WHAT IS REQUIRED
Repeat exactly the stretch of lines that starts with the one containing "Lực lượng an" and ends with the last line of the material. Leave out pictures.

EXERCISE DATA
┌──
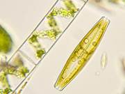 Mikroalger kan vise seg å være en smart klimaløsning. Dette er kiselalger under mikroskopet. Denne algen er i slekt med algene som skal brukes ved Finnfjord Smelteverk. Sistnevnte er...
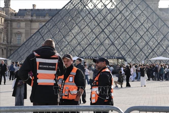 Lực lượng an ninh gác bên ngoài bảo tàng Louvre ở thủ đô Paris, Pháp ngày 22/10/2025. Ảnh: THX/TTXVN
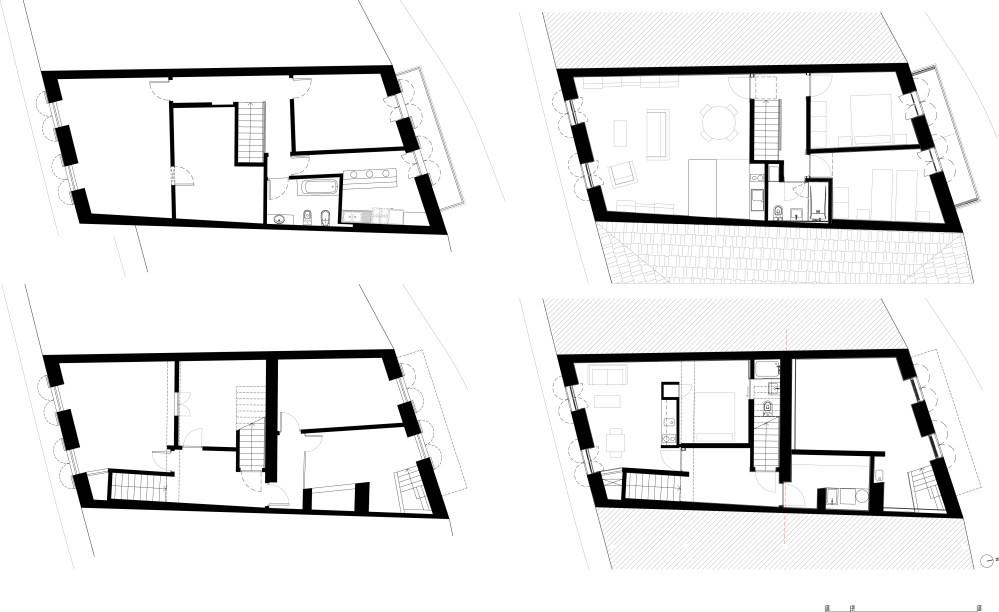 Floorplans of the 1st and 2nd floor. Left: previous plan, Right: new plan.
└──
SOLUTION TO THIS EXERCISE
 Lực lượng an ninh gác bên ngoài bảo tàng Louvre ở thủ đô Paris, Pháp ngày 22/10/2025. Ảnh: THX/TTXVN
 Floorplans of the 1st and 2nd floor. Left: previous plan, Right: new plan.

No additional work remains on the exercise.